▶ _Exercise details_: From the records below, copy out exactly the lines from the one containing "2、八卦田遗址公园,杭州市上" to the one containing "Enhance your shooting", both included. Add nothing else.

▶ _Entries provided_:
========

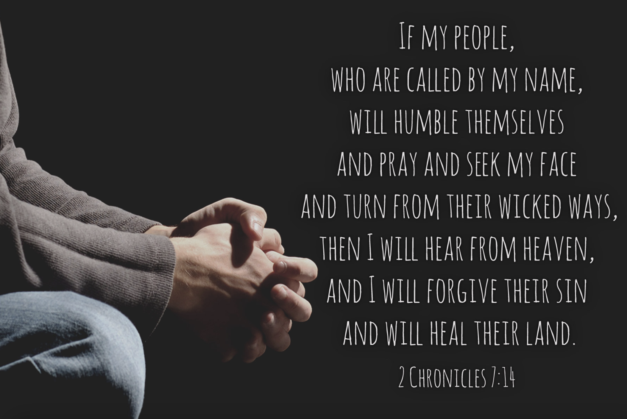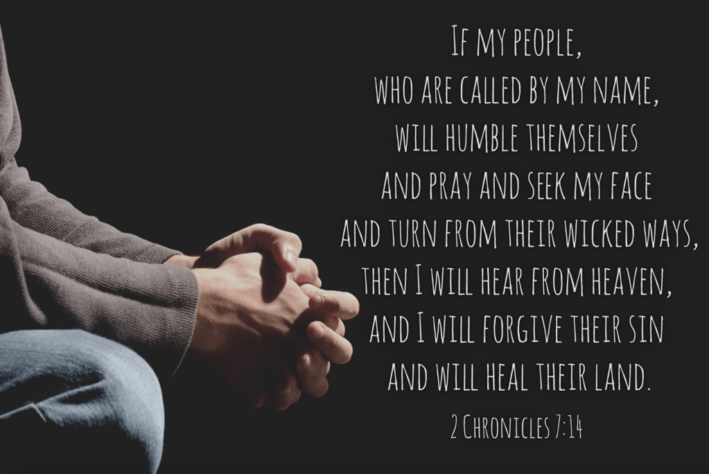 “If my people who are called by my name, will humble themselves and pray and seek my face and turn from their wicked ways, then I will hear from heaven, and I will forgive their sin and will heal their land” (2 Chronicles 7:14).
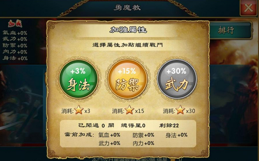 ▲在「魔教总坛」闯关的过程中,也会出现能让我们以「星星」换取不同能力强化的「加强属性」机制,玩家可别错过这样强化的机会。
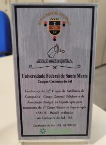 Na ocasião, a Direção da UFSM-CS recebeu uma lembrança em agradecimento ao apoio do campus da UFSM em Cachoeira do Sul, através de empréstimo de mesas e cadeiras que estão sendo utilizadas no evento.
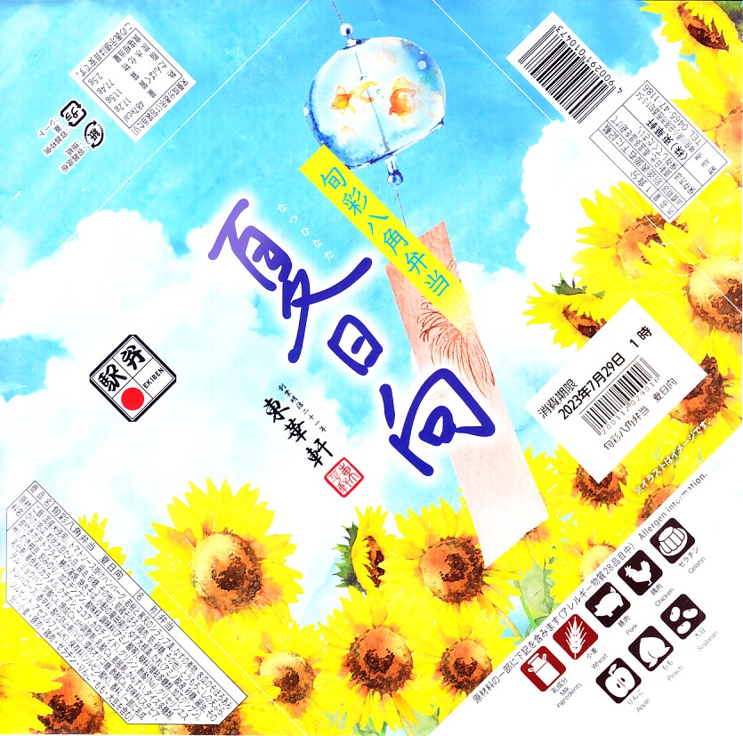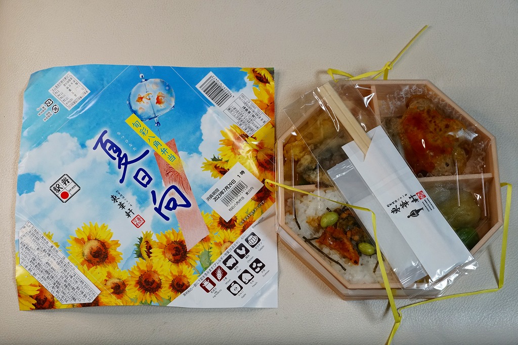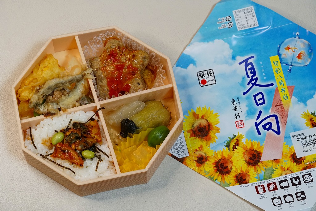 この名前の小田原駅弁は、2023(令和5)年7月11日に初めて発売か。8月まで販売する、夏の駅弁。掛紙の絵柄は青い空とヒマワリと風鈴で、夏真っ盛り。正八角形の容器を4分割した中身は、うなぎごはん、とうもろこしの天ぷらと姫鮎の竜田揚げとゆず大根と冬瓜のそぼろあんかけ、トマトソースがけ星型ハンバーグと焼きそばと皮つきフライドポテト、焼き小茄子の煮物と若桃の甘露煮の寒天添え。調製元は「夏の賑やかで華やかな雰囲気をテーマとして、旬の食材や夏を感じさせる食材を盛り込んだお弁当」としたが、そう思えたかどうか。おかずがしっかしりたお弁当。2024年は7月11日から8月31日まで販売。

========

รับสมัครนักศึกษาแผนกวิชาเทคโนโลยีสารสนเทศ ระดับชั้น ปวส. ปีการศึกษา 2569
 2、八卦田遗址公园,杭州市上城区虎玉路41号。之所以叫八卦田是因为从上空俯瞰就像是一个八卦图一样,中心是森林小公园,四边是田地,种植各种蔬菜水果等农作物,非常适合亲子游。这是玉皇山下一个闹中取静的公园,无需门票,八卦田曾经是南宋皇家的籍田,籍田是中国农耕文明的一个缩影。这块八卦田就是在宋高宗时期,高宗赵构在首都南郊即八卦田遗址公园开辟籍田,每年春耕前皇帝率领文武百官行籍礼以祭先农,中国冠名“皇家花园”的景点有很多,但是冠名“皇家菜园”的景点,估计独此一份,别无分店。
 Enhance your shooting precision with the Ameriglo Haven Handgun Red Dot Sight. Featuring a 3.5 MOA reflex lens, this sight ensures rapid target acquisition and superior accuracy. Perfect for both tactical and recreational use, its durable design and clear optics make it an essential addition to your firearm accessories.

========

▶ _Written response_:
 2、八卦田遗址公园,杭州市上城区虎玉路41号。之所以叫八卦田是因为从上空俯瞰就像是一个八卦图一样,中心是森林小公园,四边是田地,种植各种蔬菜水果等农作物,非常适合亲子游。这是玉皇山下一个闹中取静的公园,无需门票,八卦田曾经是南宋皇家的籍田,籍田是中国农耕文明的一个缩影。这块八卦田就是在宋高宗时期,高宗赵构在首都南郊即八卦田遗址公园开辟籍田,每年春耕前皇帝率领文武百官行籍礼以祭先农,中国冠名“皇家花园”的景点有很多,但是冠名“皇家菜园”的景点,估计独此一份,别无分店。
 Enhance your shooting precision with the Ameriglo Haven Handgun Red Dot Sight. Featuring a 3.5 MOA reflex lens, this sight ensures rapid target acquisition and superior accuracy. Perfect for both tactical and recreational use, its durable design and clear optics make it an essential addition to your firearm accessories.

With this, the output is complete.